Within a year it was plain that that idea was a lot insane.

What builds skill - and makes good, saleable pants that pay the wages, is practice. Practice, practice practice. And that needs to be a regular, frequent thing. (It's been astonishing recently to see our productivity per hour leap during the half days through Ramadan - there seems to have been something about the team working four days instead of the usual three. It's genuinely been 'triple check it on the calculator' amazing)

So the idea shifted and WMYP has become about giving a small number of women a bigger opportunity.

Within that, I wanted to train everyone to do everything - not only did I think that would give each team member the most to be proud of, but it avoids putting all our eggs in one basket - it build a strong and resilient team that can cope if someone is off sick. I thought of this being wide and deep training.

Within a year I learned that that idea was wildly ambitious and optimistic.

Varying levels of English mean that we don't have a full shared language in the factory, There is a lot of translation and sometimes, if the translator thinks they have, but actually hasn't understood, someone can think they know what they are doing, and, as has happened, 'fix' a machine to the extent that it needs a mechanic to come in on a service visit.

So. The plan for the last few years has been a deep and narrow one. Lots of training and expertise poured into one person, our Supervisor. Only our Supervisor threaded, oiled and maintained machines. Only our Supervisor hands out pre cut pieces to sew up. You may be noticing that this is very much 'all our eggs are in the Supervisor basket' and yes - too risky.

So, this time, while Hannah was here and we had time and room, Hannah has delivered some deeper training to everyone. Everyone can thread the machines. Everyone can identify various features of fabrics that inform which way we lay the patterns on them. Everyone can spot if this has been done wrongly as it goes round. And we have developed and learned some shared words and phrases to use that we all understand.

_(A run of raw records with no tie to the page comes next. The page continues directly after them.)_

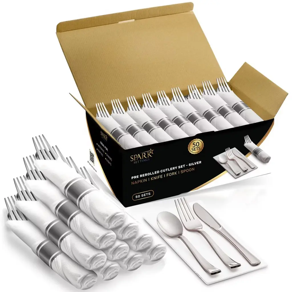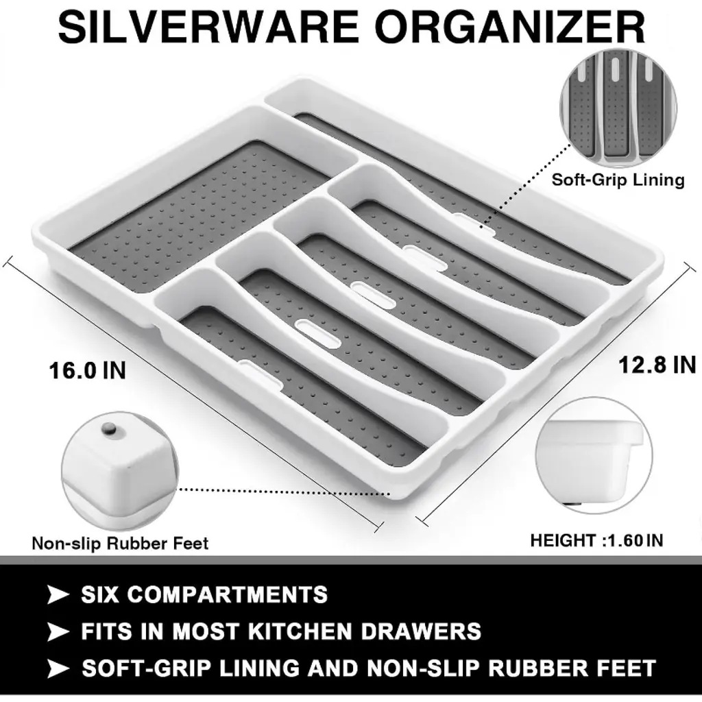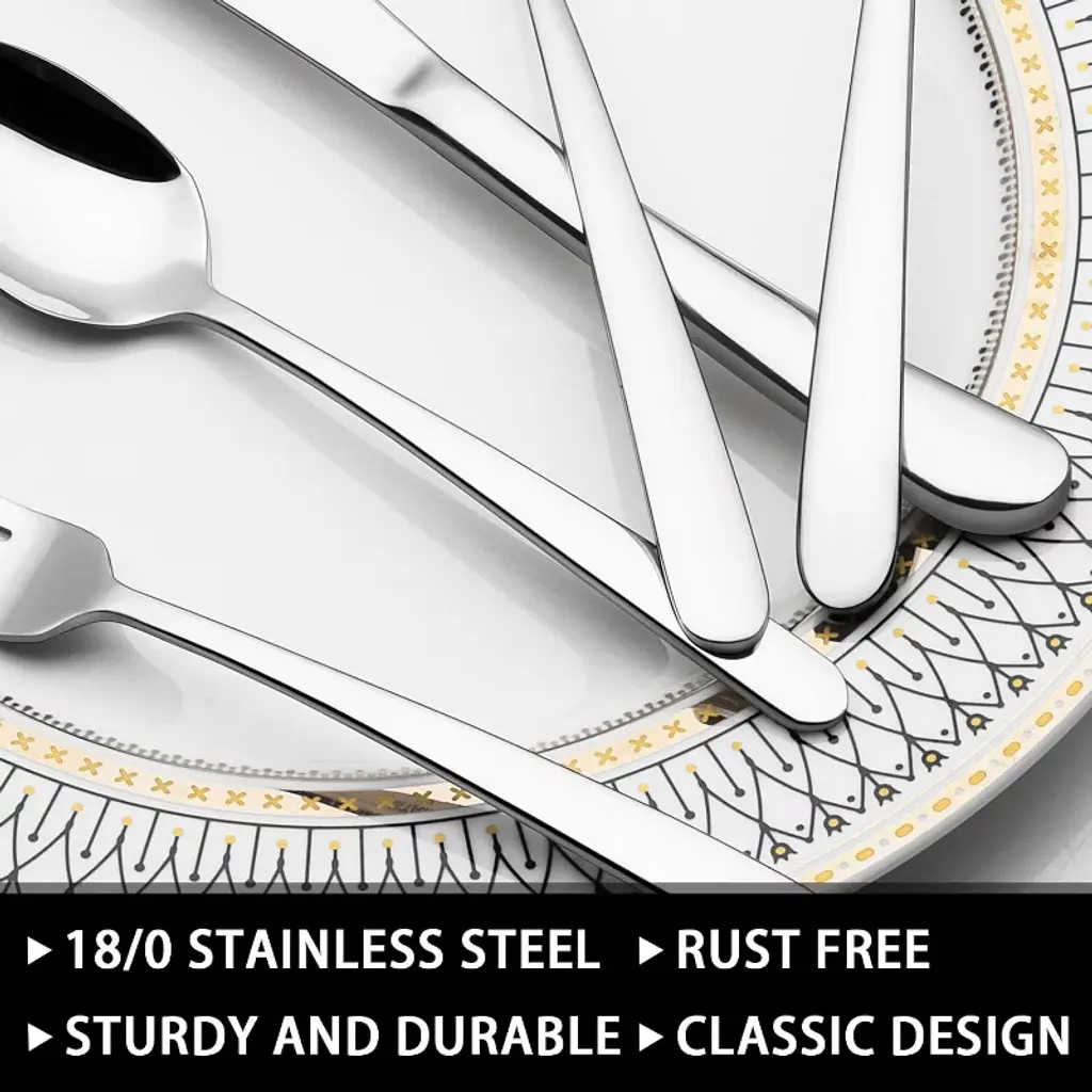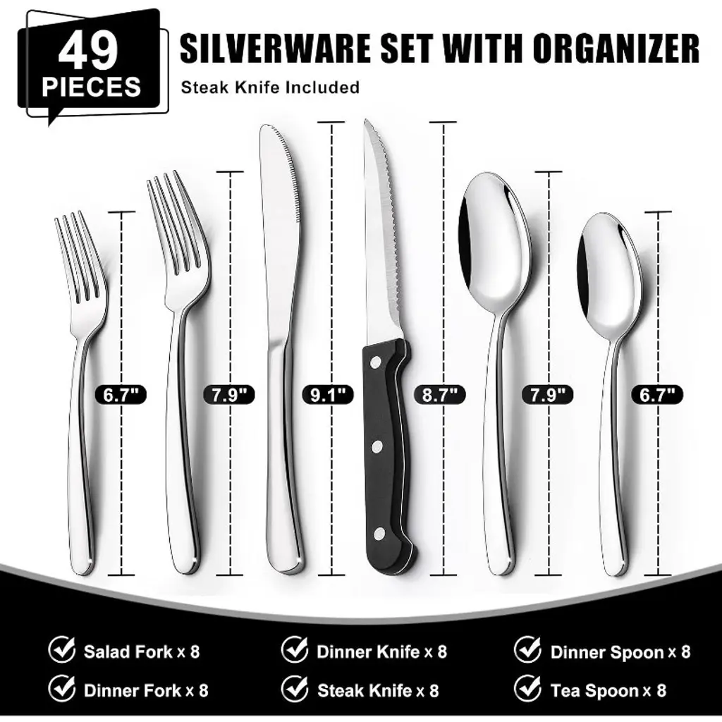 This 49-piece silverware set comes with an organizer, including 8 dinner forks, 8 salad forks, 8 dinner knives, 8 dinner spoons, 8 teaspoons, and 8 steak knives, meeting the dining needs of 8 people. It is very suitable for restaurants, weddings, parties, family gatherings, or daily home use. Made of high-quality stainless steel, the tableware is rust-resistant, corrosion-resistant, thick and durable, and not easy to bend or deform during use. The classic and simple design combined with mirror polishing technology gives it a bright appearance, which can match various styles of tableware and enhance the table style. The edge of the handle is smooth, with moderate weight and balance, comfortable to hold, and easy for both adults and children to use. Moreover, it can be cleaned in the dishwasher for convenient cleaning, and is equipped with a 6-compartment drawer organizer, which is about 12.8 inches × 16 inches, allowing easy storage of tableware and making the kitchen cleaner.
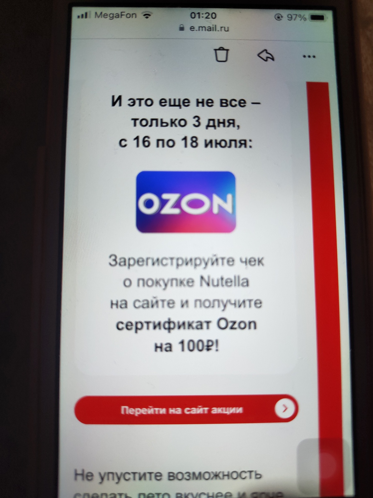 - Покупайте продукцию Nutella на сумму от 299 руб. и регистрируйте чек на сайте акции;
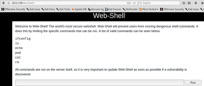 There was nothing much in admin page so I browsed to /dev/shell and this time I accessed the webshell.
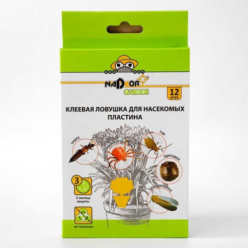 Клеевая ловушка для уничтожения комнатных насекомых - вредителей, путем механического отлова на клеевой слой. Экологически безопасна и простая в применении. Особенностью ловушки является ее желтый цвет и атрактант (аромапривлекатель). Вредители, привлечённые жёлтым цветом и аттрактантом, приклеиваются к ловушке без использования каких-либо ядохимикатов.
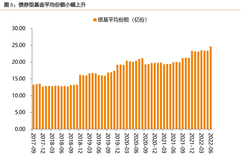 债券型基金方面,2022年二季度债基总体份额7.09万亿份,较2022年一季度末上升9.59%;平均份额24.65亿份,较2022年一季度末上升4.87%;债券型基金资产净值约为7.75万亿元,较2022年一季度末增加9.88%。

Training like this takes time but - I thin - is very robust, very resilient. It's strong. It's also expensive as we 'bought out' fully half of the time Hannah was with us to training rather than live production. But we think it's worth it. We're working towards out training being wide and deep. It may still be mostly deep and narrow today - but it's opening up nicely.



Comment on this post (2 comments)

  • Lynn says...

    I agree. A great way to develop language skills and confidence in your people. Just what I would expect from WMYP?

    Have a great weekend.

    BUT I do think you need to sign off earlier at times Becky…some of your posts are quite late and you do need to have some time to yourself.

    July 31, 2015

  • Heather says...

    As a former ESOL lecturer and pilot, I would have suggested exactly what Hannah has done, well done her! Non-English speaking pilots don’t learn the whole language, just a key sub-set so’s they can do the job, as it’s the international aviation language (at least in the west).